The reply must consist of the complete listing, reproduced exactly, with no images included.

● Given data
● ● ● ● ● ● ●
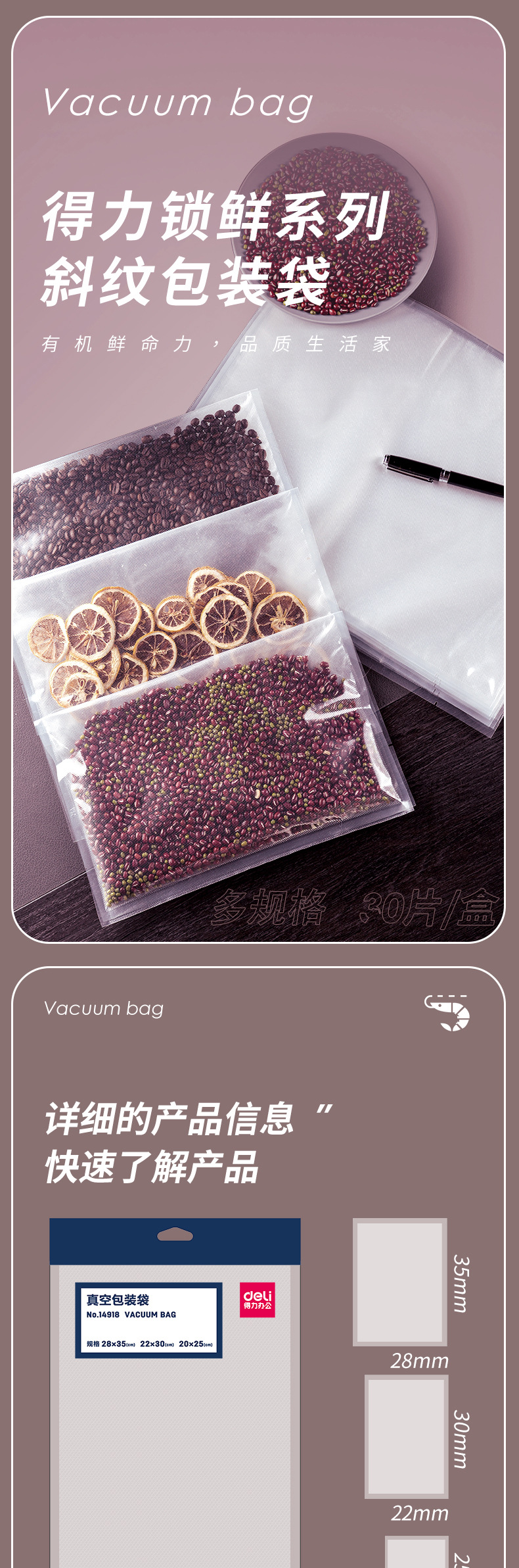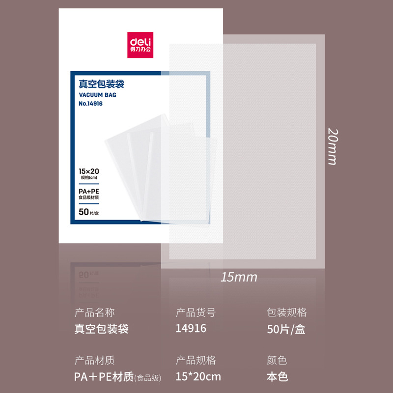 得力纹路真空袋加厚压缩密封单面纹路保鲜袋封口家用塑封袋食品袋
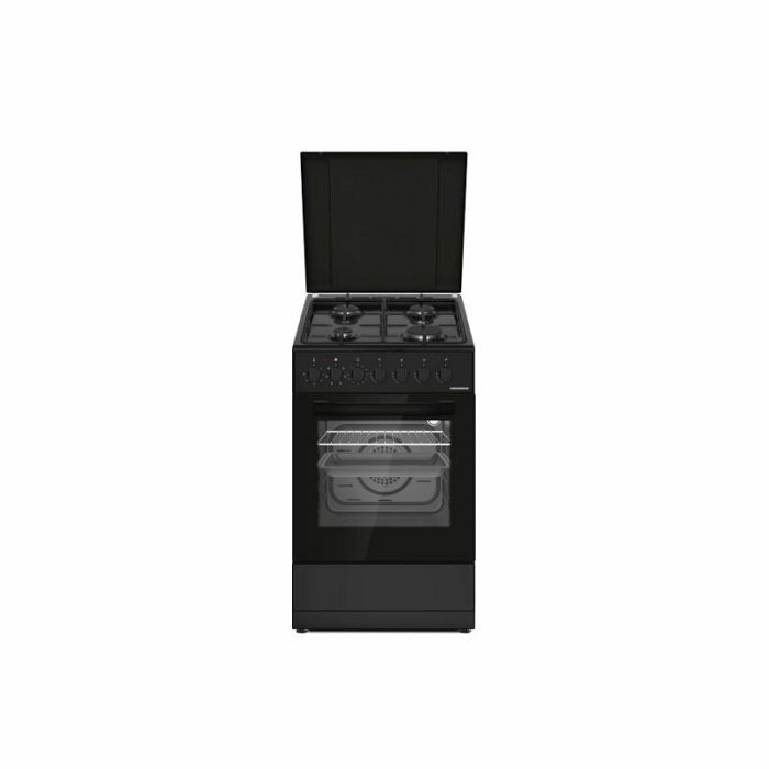HEINNER HFSC-S60LITGC-BK KOMBINIRANI ŠTEDNJAK, 50X60CM, 4 PLAMENIKA, EMAJLIRANI POKLOPAC, METALNI POKLOPAC, SIGURNOSNI UREĐAJ ZA KUHANJE, ELEKTRIČNA PEĆNICA, KLASA A, 6 FUNKCIJA, TAJMER, ROŠTILJ, VENTILACIJA, SVJETLO PEĆNICE, VRATA PEĆNICE S UKLONJIVIM DVOSTRUKIM STAKLOM, DONJA LADICA ZA POSUĐE, UKLJUČENE MLAZNICE ZA LPG, KROMIRANA POSUDA I REŠETKA, DIMENZIJE (DxŠxV): 49,8x61x86 CM, BOJA: CRNA
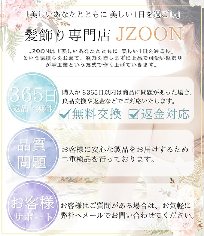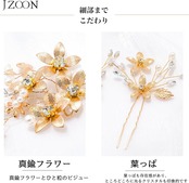 【ハンドメイド】職人が一点一点丁寧な手作業で仕上げたハンドメイドアイテム。留め具はUピン仕様ですので、留め具はUピン仕様ですので、ヘアスタイルにあわせて簡単に取り付け可能です。ワイヤーで角度等自由に曲げられるので、サイドにもバックにお付け頂いても映えます。
● ● ● ● ● ● ●
● Output for this exercise
 得力纹路真空袋加厚压缩密封单面纹路保鲜袋封口家用塑封袋食品袋
HEINNER HFSC-S60LITGC-BK KOMBINIRANI ŠTEDNJAK, 50X60CM, 4 PLAMENIKA, EMAJLIRANI POKLOPAC, METALNI POKLOPAC, SIGURNOSNI UREĐAJ ZA KUHANJE, ELEKTRIČNA PEĆNICA, KLASA A, 6 FUNKCIJA, TAJMER, ROŠTILJ, VENTILACIJA, SVJETLO PEĆNICE, VRATA PEĆNICE S UKLONJIVIM DVOSTRUKIM STAKLOM, DONJA LADICA ZA POSUĐE, UKLJUČENE MLAZNICE ZA LPG, KROMIRANA POSUDA I REŠETKA, DIMENZIJE (DxŠxV): 49,8x61x86 CM, BOJA: CRNA
 【ハンドメイド】職人が一点一点丁寧な手作業で仕上げたハンドメイドアイテム。留め具はUピン仕様ですので、留め具はUピン仕様ですので、ヘアスタイルにあわせて簡単に取り付け可能です。ワイヤーで角度等自由に曲げられるので、サイドにもバックにお付け頂いても映えます。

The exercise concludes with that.